§ Aim of the task: Please transcribe the data below in full. Omit any picture you find in it.

§ Supplied data:

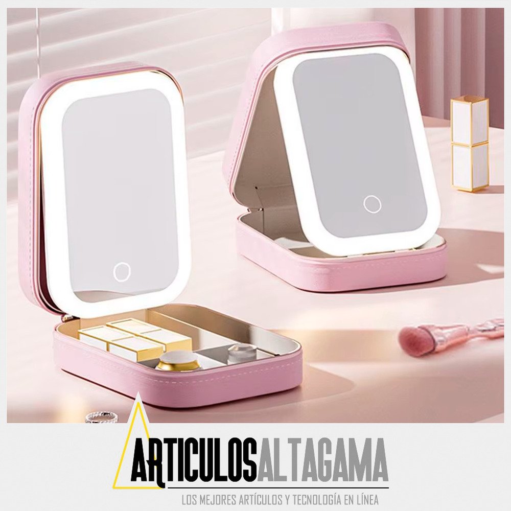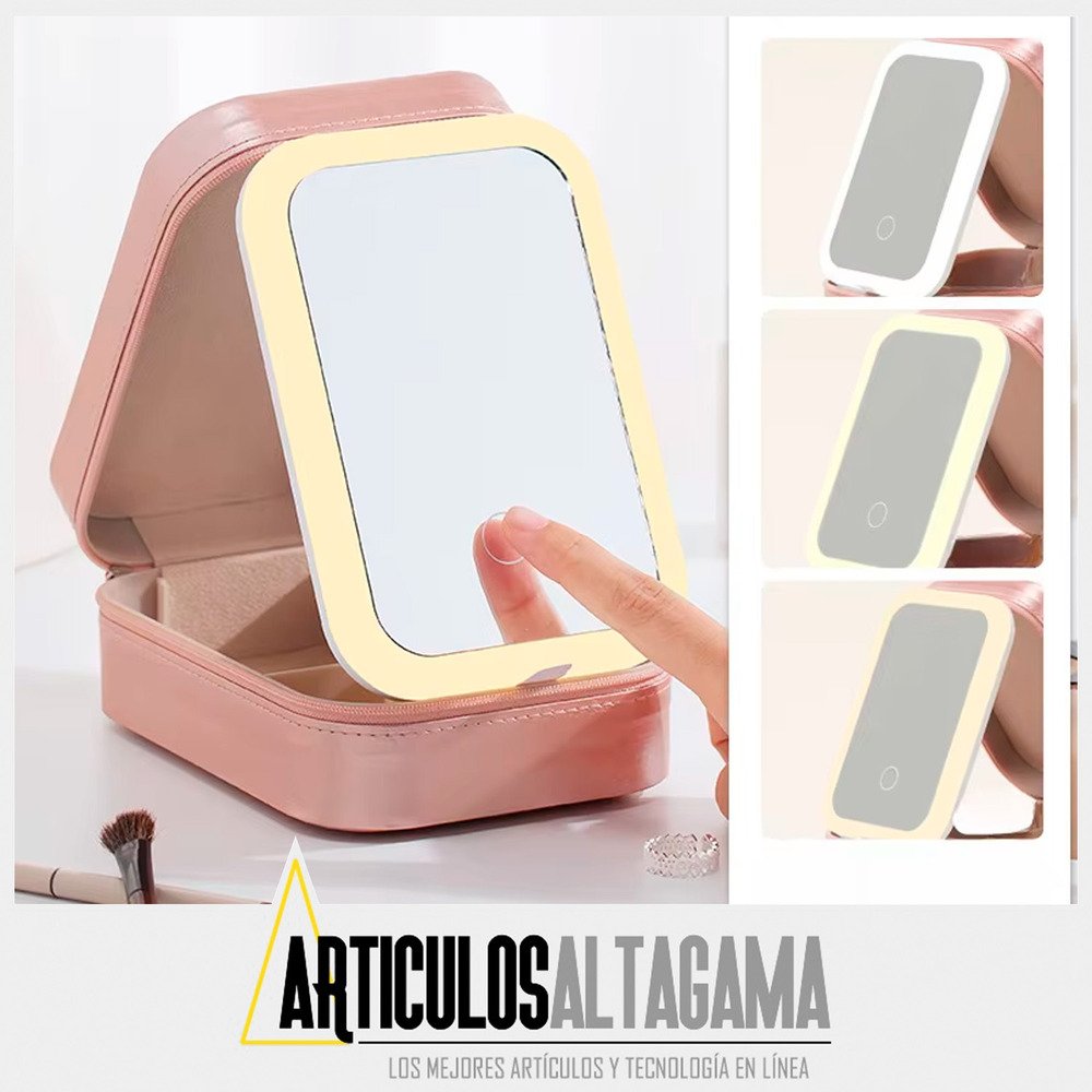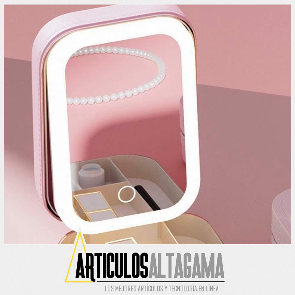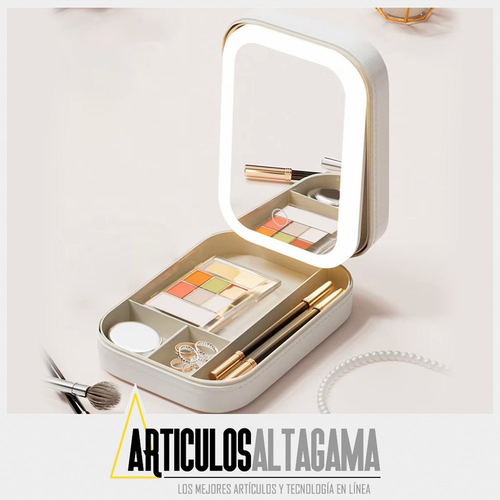 Cosmetiquera organizador Maquillaje pequeña Espejo Luz Led
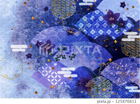 水彩風格的日本圖案和一隻面朝前方的長尾山雀的插圖
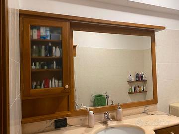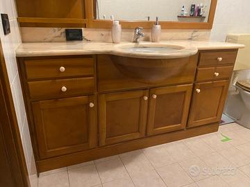 Mobile bagno in noce nazionale 168,5 x 38,5 completo di specchio, lavabo, led e top in marmo rosa portogallo usato ma tenuto benissimo.
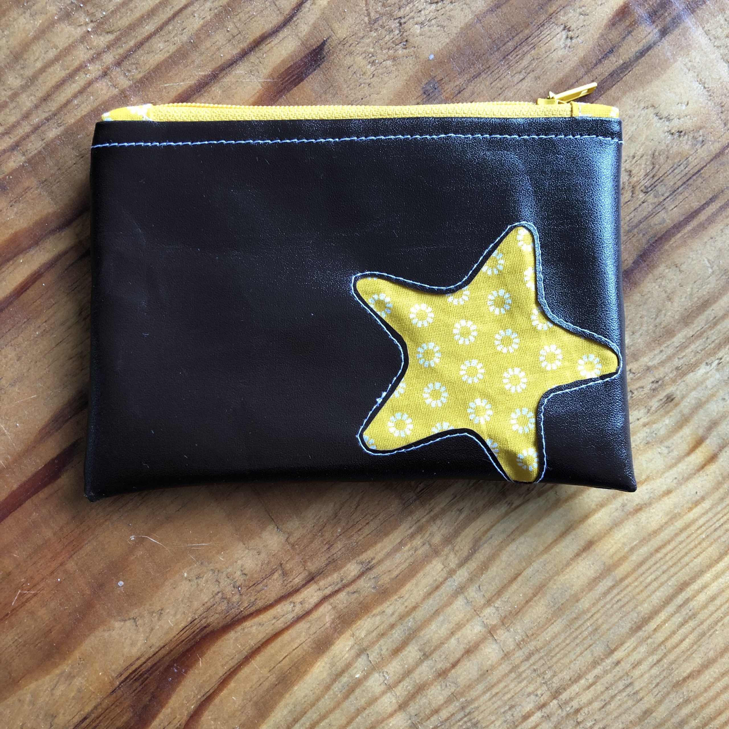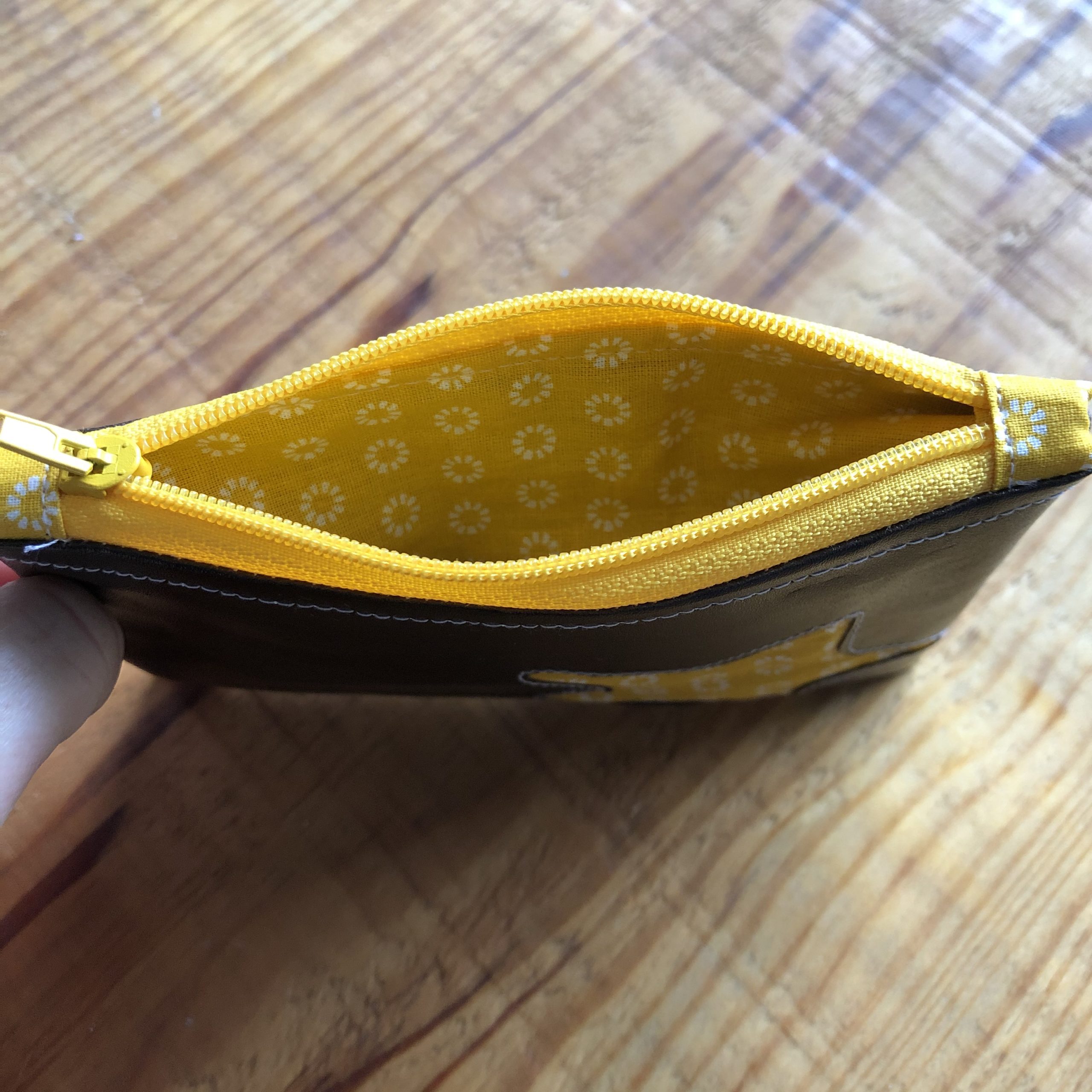 Ce porte monnaie est constitué d’un tissu en simili cuir et une doublure imprimée. Le tout fermé par une petite fermeture éclair.

§ Worked solution:
 Cosmetiquera organizador Maquillaje pequeña Espejo Luz Led
 水彩風格的日本圖案和一隻面朝前方的長尾山雀的插圖
 Mobile bagno in noce nazionale 168,5 x 38,5 completo di specchio, lavabo, led e top in marmo rosa portogallo usato ma tenuto benissimo.
 Ce porte monnaie est constitué d’un tissu en simili cuir et une doublure imprimée. Le tout fermé par une petite fermeture éclair.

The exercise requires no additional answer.